I'm working on a small side-project
([https://visalogy.com](https://visalogy.com)) that the entire site is using
less than 20KB JS, and 25KB of CSS. Logo is half a KB, ridiculously small over
Brotli/GZip. A fully functional site weights less than 150KB with all assets.

Instead of doing everything by hand, this digital pollution can be removed
with proper building process. Automate image compression, uncss, svgmin, etc
to the CI pipeline and you will have the best of both worlds.

------
open-source-ux
This is an interesting topic and reflects an obvious double standard among
developers.

On the one hand, popular opinion in the profession is to encourage you to
launch your product as quickly as possible and then revise rapidly. That
naturally leads the developer to reach for time-saving libraries, templates
and frameworks. Even, if you're not launching a product, you still reach for a
framework because it makes you - to use a favourite term among developers -
'productive'. In other word, everything for the comfort of the developer.

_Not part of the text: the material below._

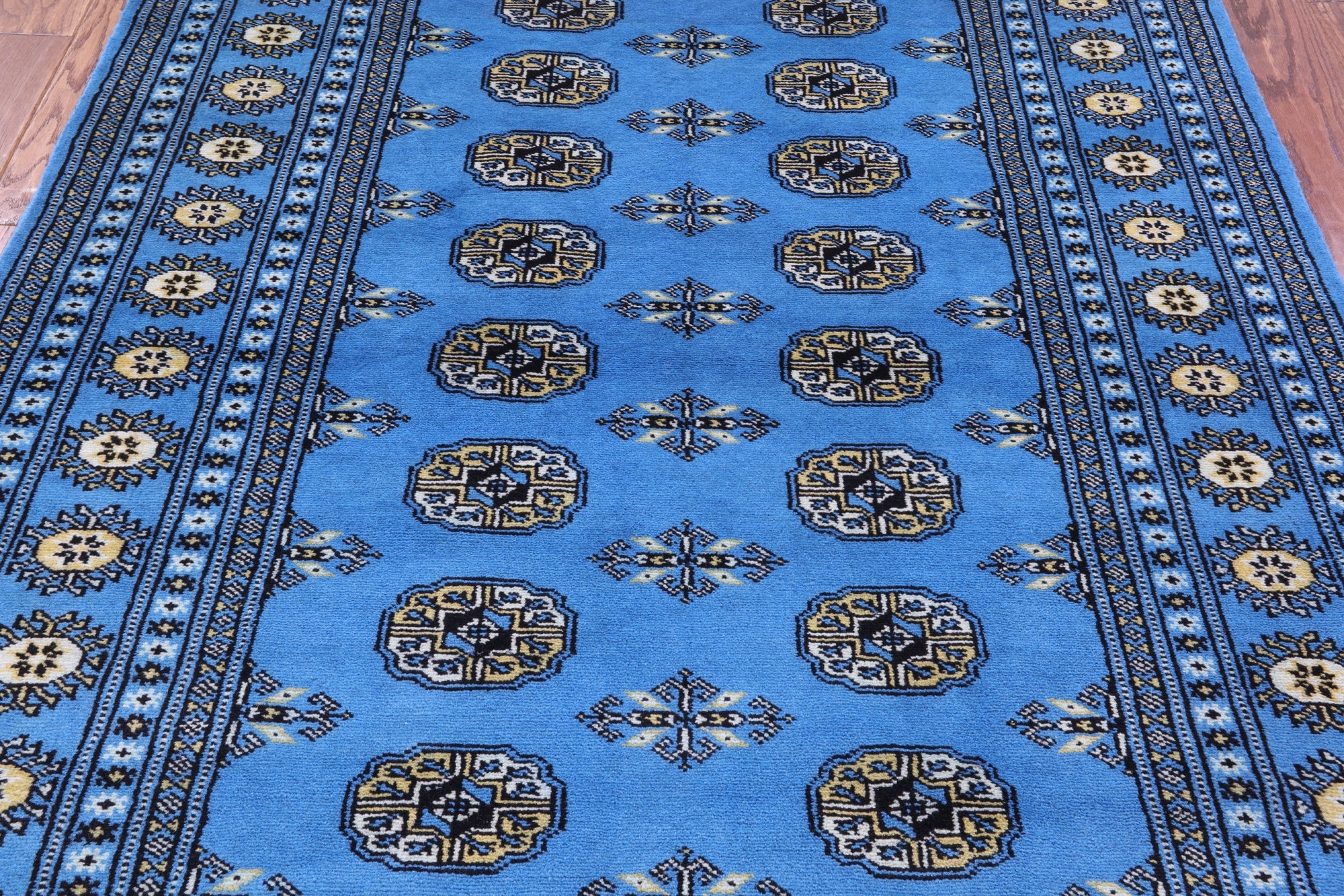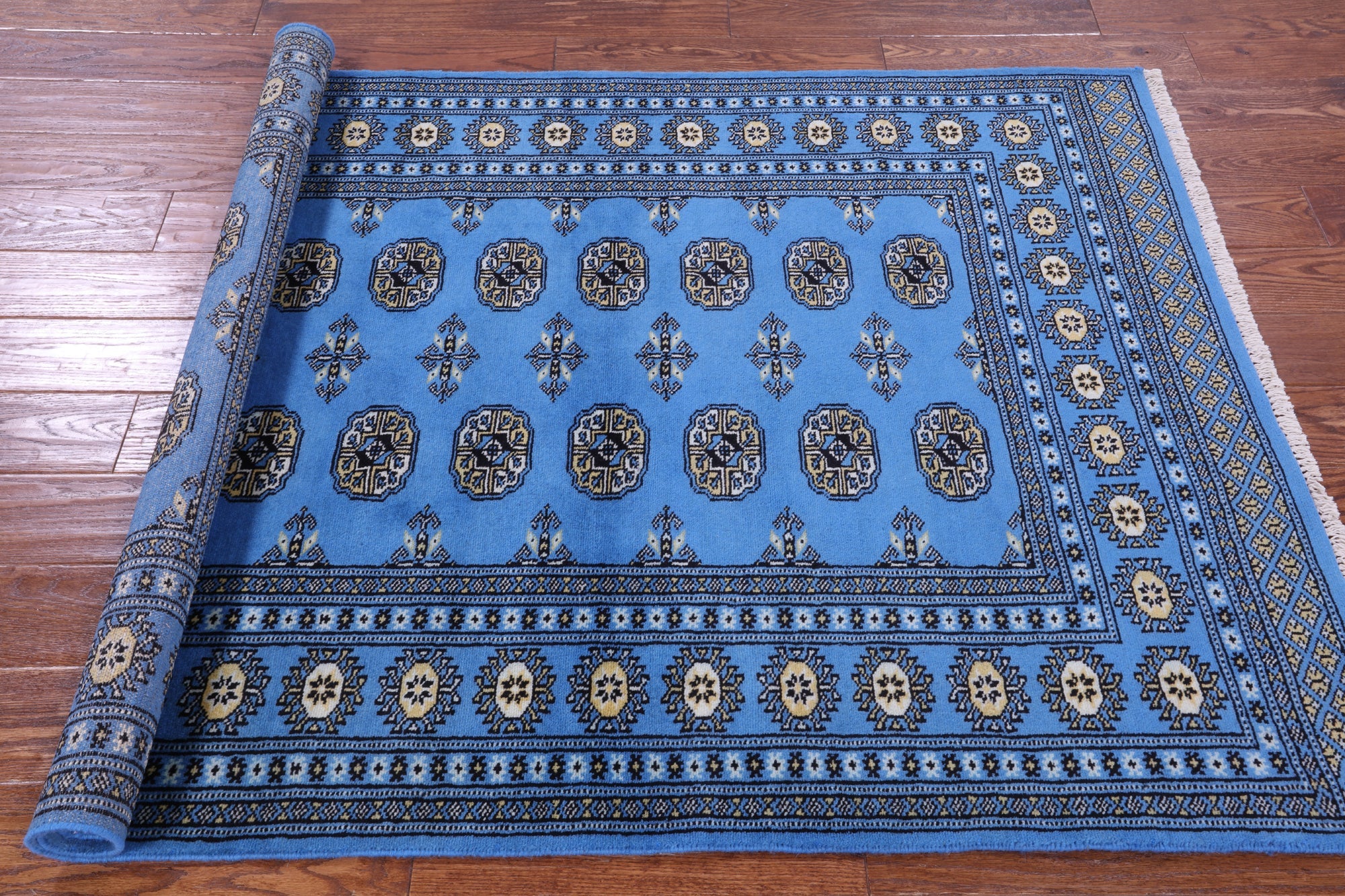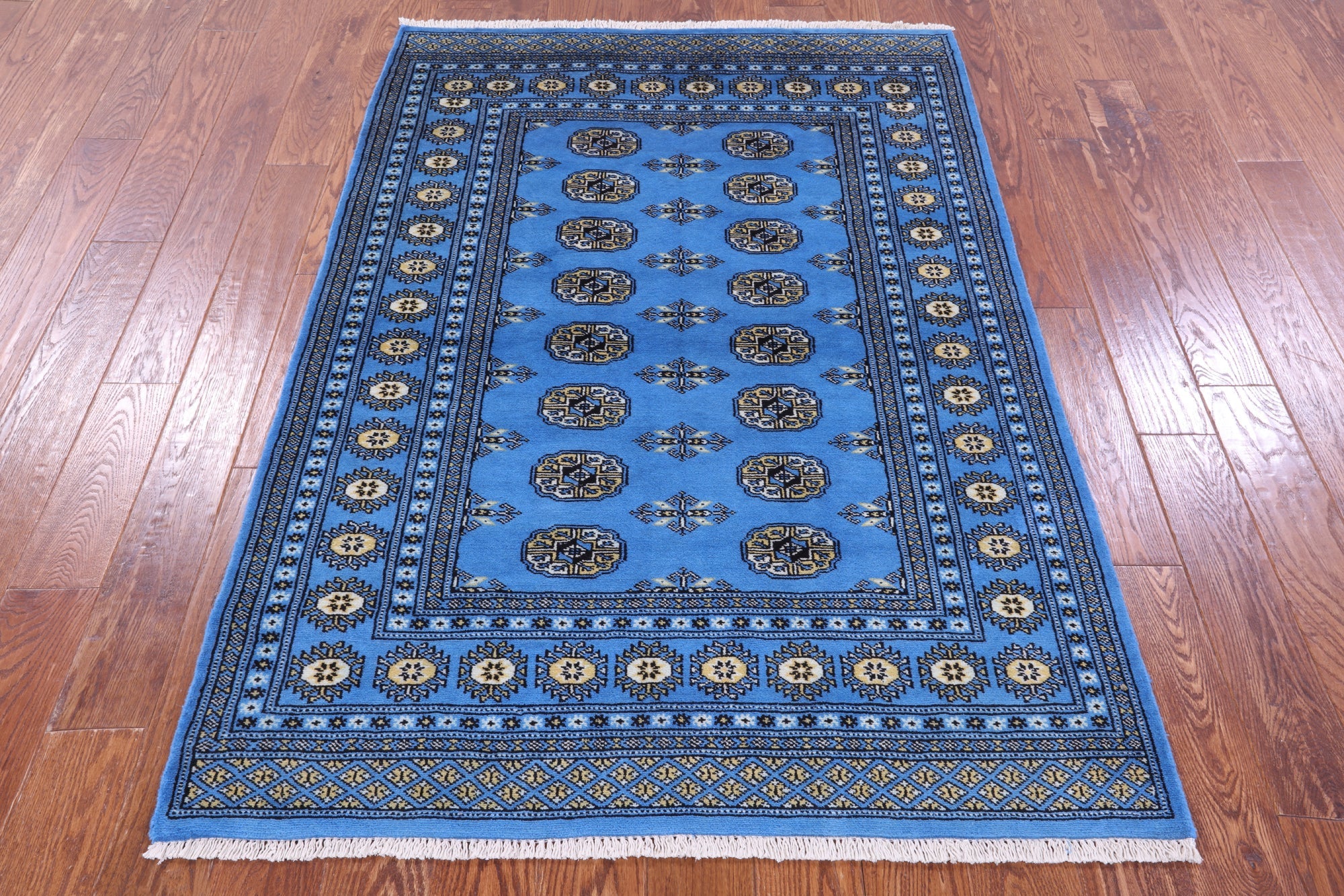 Blue 4' 1" X 5' 10" Hand Knotted Silky Bokhara Wool Rug - Q21845

On the other hand, when the developer is on the receiving end of a memory-
guzzling app, or a bloated website, they will complain loudly and eagerly
point the finger at the designer, the Product Manager, the stakeholders, the
boss or whoever - always someone else to blame. What developers won't do is
acknowledge that attitudes and practices in the programming profession are the
root of many of these problems.

I sometimes wonder if programming is the only profession where so many people
aspire to the lowest possible standard, while holding everyone else to a much
higher one.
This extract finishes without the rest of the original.